8. Les bonobos synchronisent-ils leurs mouvements avec ceux des autres comme les humains ?
Avez-vous déjà remarqué que vos pas se synchronisent lorsque vous marchez avec des amis ? Lors d’interactions, les mouvements se calent sur ceux d’autres individus en interaction, autant dans la marche que dans une expression faciale simultanée ou encore un regard qui se fixe dans une même direction. Et cela pourrait bien aussi être le cas chez les bonobos. Raphaela Heesen (Université de Constance, Allemagne) et ses collègues sont en train de développer un algorithme qui quantifie automatiquement ces comportements de synchronicité chez les bonobos.
9. Les femelles chimpanzés et mangabeys sont meilleures que les mâles pour attraper des crabes
Les chimpanzés et les singes mangabeys aiment manger des crabes pour le dessert en Guinée.

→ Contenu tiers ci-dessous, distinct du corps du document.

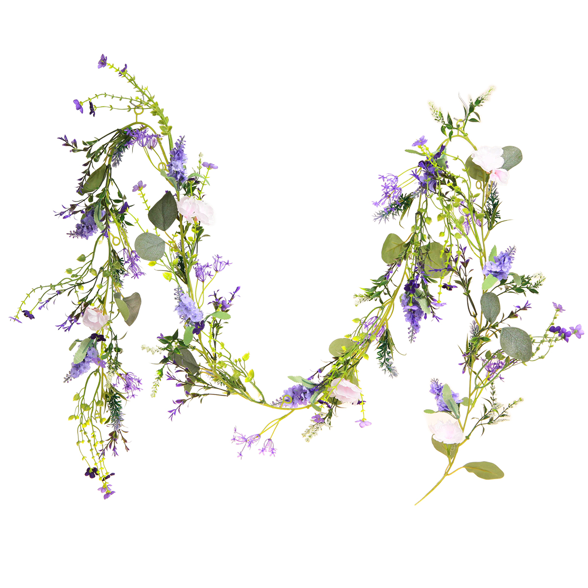 Levandų girliandą galima pakabinti ant sienos arba virš durų. Iš viso vienuolika mažų plastikinių žiedų vienoje girliandoje suteikia praktinę galimybę pritvirtinti dirbtinės gėlės dekoraciją prie kabliukų ar vinių.
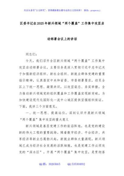 / 区委书记在2025年新兴领域“两个覆盖”工作集中攻坚启动部署会议上的讲话
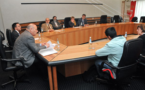 Il presidente Durnwalder e l'assessore Tommasini nell'incontro con rappresentanti del mondo scolastico italiano (Foto USP/Pertl)
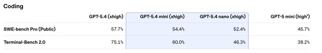 编码(SWE-Bench Pro):GPT-5.4 mini拿下54.4%,而满血版GPT-5.4是57.7%;
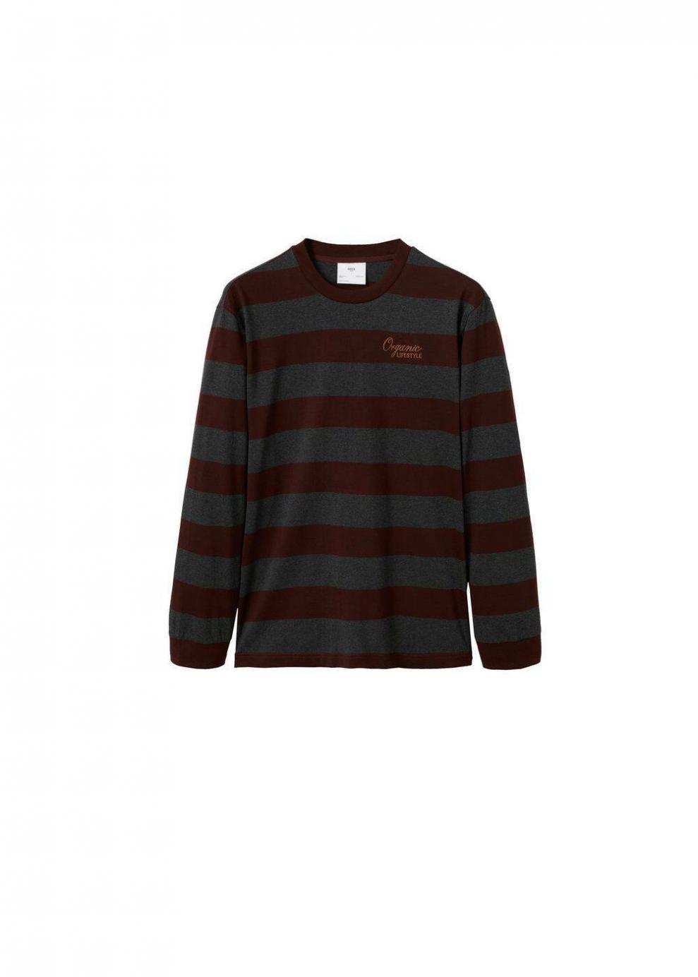 Hombre Camiseta manga larga rayas Granate | Camisetas Mango
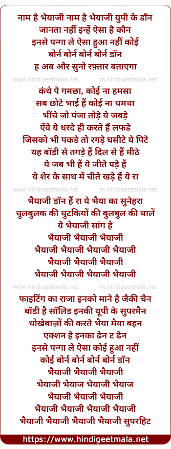 Lyrics of Naam Hai Bhaiyaji - नाम है भैयाजी
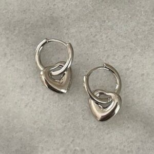 Sterling Silver Bubble Heart Charm Dangle Huggie Hoop Earrings
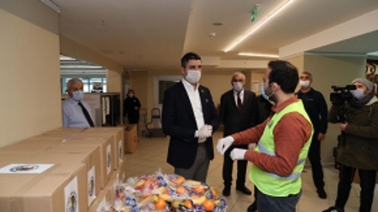 Kartal'da, korona virüs salgını nedeniyle mücadele veren sağlık çalışanlarına destek olmak için çikolata meyve ikramında bulunuldu.
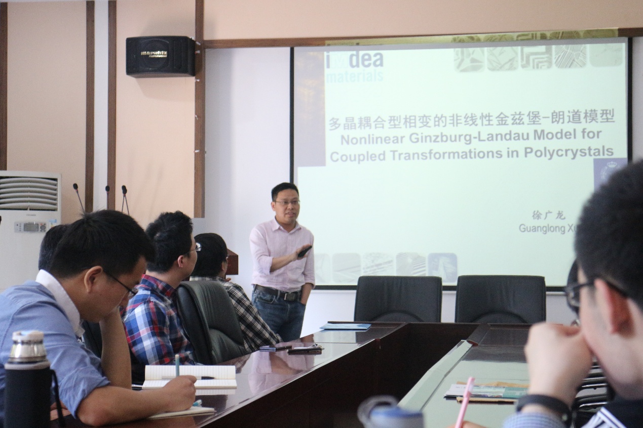 受江勇教授邀请,西班牙马德里先进材料研究所徐广龙博士做了题为“多晶耦合型相变的非线性金兹堡-朗道耦合模型”的学术报告。马氏体相变作为位移型相变的典型,常常和扩散型相变耦合控制着合金中组织的形成和演化,并对力学性质产生重要影响。报告回顾了现有的马氏体相变模型,通过理论分析和模拟计算,分析了现有各种模型的特点和不足。其中,基于不可约化的群表示的朗道模型在物理上具有完备性,但是其在结构材料领域的应用却十分有限。通过和相场模型、计算热动力学以及位错动力学在物理内禀层面的耦合,报告人提出了物理自洽的耦合型朗道相变模型,并应用到合金的组织控制中。通过对形状记忆合金和淬火-配分钢等合金材料的组织演化模拟,耦合相变模型不仅精确描述马氏体组织的形貌特征,重现了实验中观察到的晶界/位错形核,扩散引起的成分再分布等物理冶金现象,揭示了淬火-配分的物理冶金机制,还通过对模拟结果的分析阐明了现有微观组织模型之间的关联,初步建立了多场耦合微观组织演化模拟的框架。
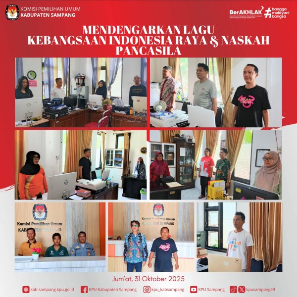 #TemanPemilih.... hari ini Jum'at, 31 Oktober 2025, KPU Kabupaten Sampang mendengarkan Lagu Kebangsaan Indonesia Raya dan Naskah Pancasila di Kantor KPU Kabupaten Sampang
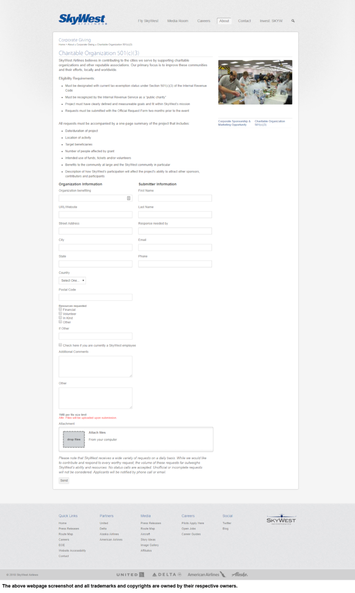 3. One-Page Project Summary: Along with the Official Request Form, organizations should include a one-page summary of the project. This summary should include details such as the date and duration of the project, location, target beneficiaries, the number of people affected by the grant, and the intended use of funds, tickets, and/or volunteers. Additionally, organizations should highlight the benefits of SkyWest’s participation to the community and explain how SkyWest’s involvement will attract other sponsors, contributors, and participants.
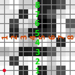Das linke untere Eckpixel hat Bildkoordinate (1, 1). Bildkoordinaten sind ganzzahlig, jedes Pixel zählt um Eins weiter. Das rechte obere Eckpixel hat die Bildkoordinate ([Spaltenzahl], [Zeilenzahl]).
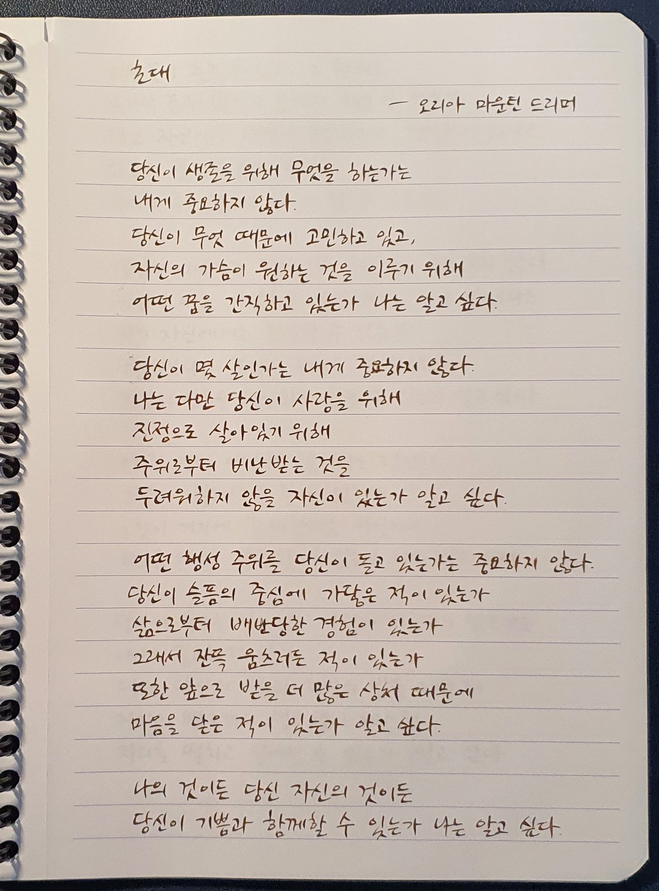 #초대 #오리아마운틴드리머 #시필사 #닙펜 #딥펜 #펜글씨 #손글씨 #매일시쓰기 #1일1시 #하루에시한편 #이른아침을먹던여름 #thatsummerwithyou
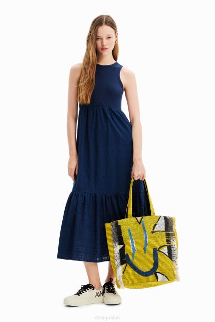 A large tote bag in rustic-style jacquard fabric with a big illustration.
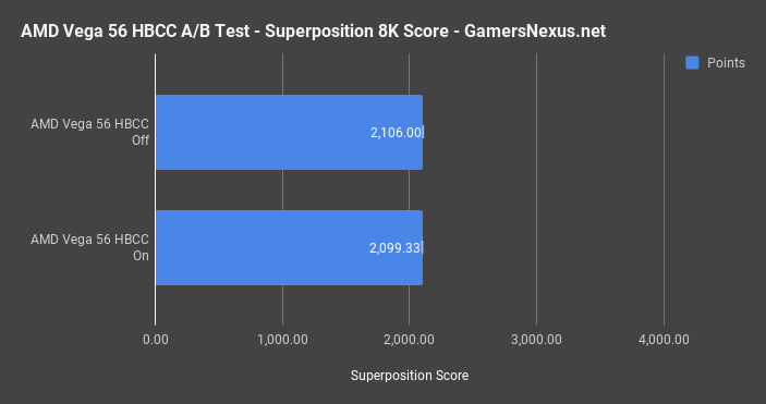 Superposition is our next synthetic test, offering a look at performance scaling from the eyes of Unigine, rather than Futuremark. Superposition wasn’t repeated as many times, but we do have five test passes for each configuration, with minor standard deviations of 2.9 points for HBCC on and 1.4 points for HBCC off. That’s against >3000 points total, marking this application as impressively consistent in scoring.
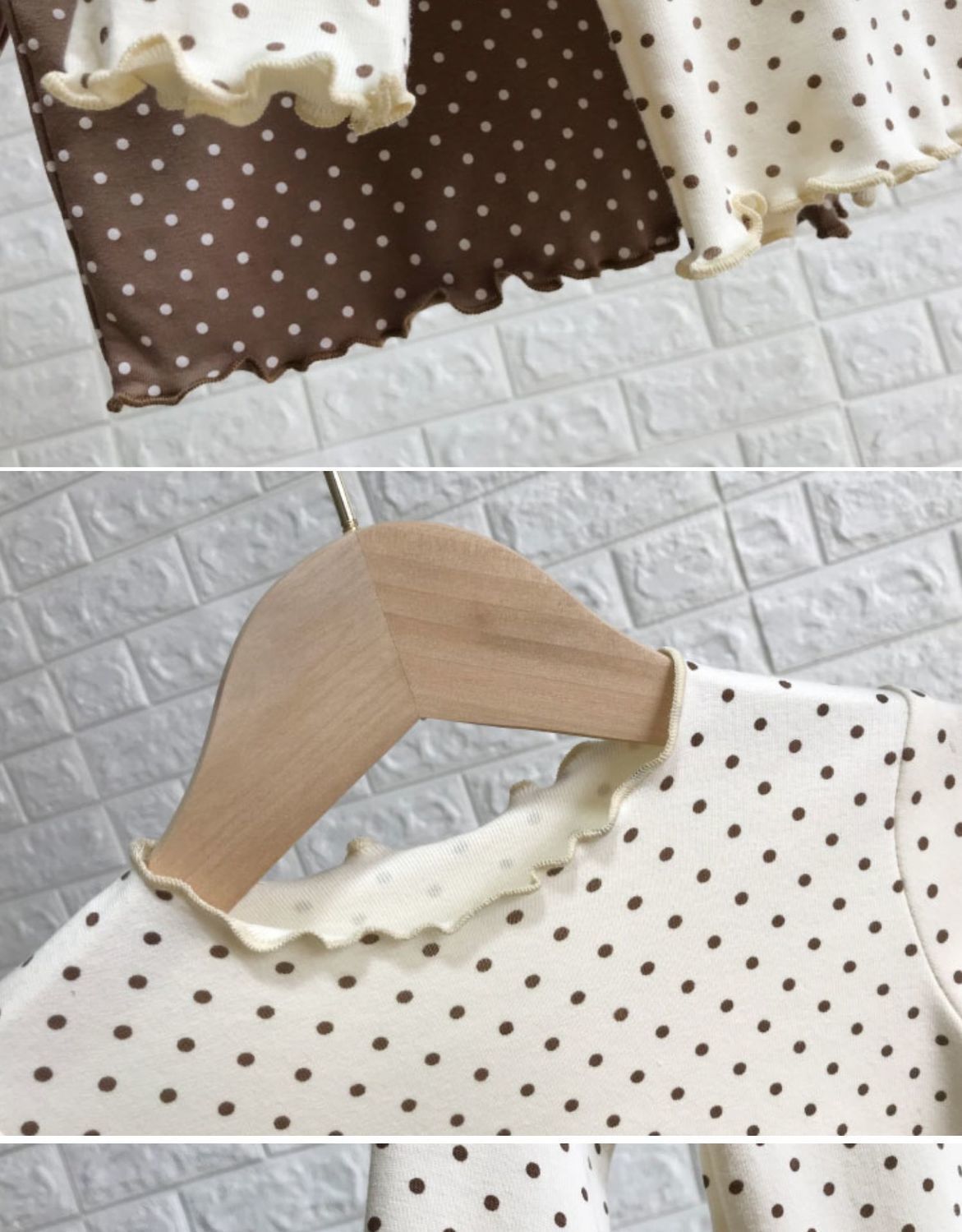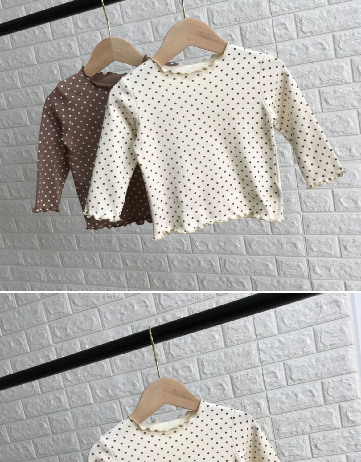 아기의 2022 년 남학생과 여학생의 한국식 폴카 도트 아기의 올 매치 티셔츠 탑으로 어린이 가을과 겨울 보투 셔츠

Mais pour les obtenir, c’est une autre histoire : « Par expérience personnelle, je peux vous dire qu’ils sont très difficiles à attraper », a expliqué Laura van Holstein, chercheuse à l’Université de Cambridge. Il s’avère que les singes mangabeys sont meilleurs que les chimpanzés pour cette tâche, et que chez les deux espèces ce sont les femelles les plus agiles. « Difficile de savoir exactement pourquoi. Peut-être que manger des crabes s’avère être important dans la lactation ? » s’est demandé la chercheuse pendant l’événement.
10. Les macaques mères traitent différemment leurs petits qui n’ont pas une « tête de bébé »
Qu’est-ce qui peut bien rendre un bébé si chou ? Sa tête disproportionnée, ses grands yeux, sa petite mâchoire ? Selon l’éthologue Konrad Lorentz dans les années 1940, ces caractéristiques mignonnes des juvéniles nous poussent à vouloir prendre soin de nos petits. Yuri Kawagushi (Université de Nottingham Trent, Angleterre) a mesuré cet effet chez les macaques rhésus. Selon les résultats préliminaires, les bébés singes qui montrent des caractéristiques s’éloignant de leur apparence prédite, donc lorsqu’ils font plus vieux ou plus jeunes que leur âge, seraient traités différemment par leur mère, qui s’en éloignerait plus fréquemment. La chercheuse compte maintenant mesurer si cet effet se retrouve aussi parmi les autres espèces de singes.
C’était la dixième fois que les spécialistes des primates se retrouvaient en Europe pour le European Federation of Primatology meeting. Après Strasbourg, Oxford et Arnhem, c’était au tour de Lausanne de les accueillir. « C’est la première fois que l’EFP se déroule en Suisse romande. C’est un moyen de montrer la bonne recherche qui est menée ici au reste de l’Europe », a déclaré Erica van de Waal, primatologue spécialiste de la socialité des singes vervets à l’UNIL et coorganisatrice de l’événement. En tout, ce furent trois jours de conférences, de partage d’anecdotes autour des singes et une bonne fondue pour bien terminer. « C’est aussi un moyen pour les étudiants de master, volontaires de terrain et doctorants de voir ce qui se fait et de rencontrer directement les chercheurs et chercheuses », a ajouté la chercheuse.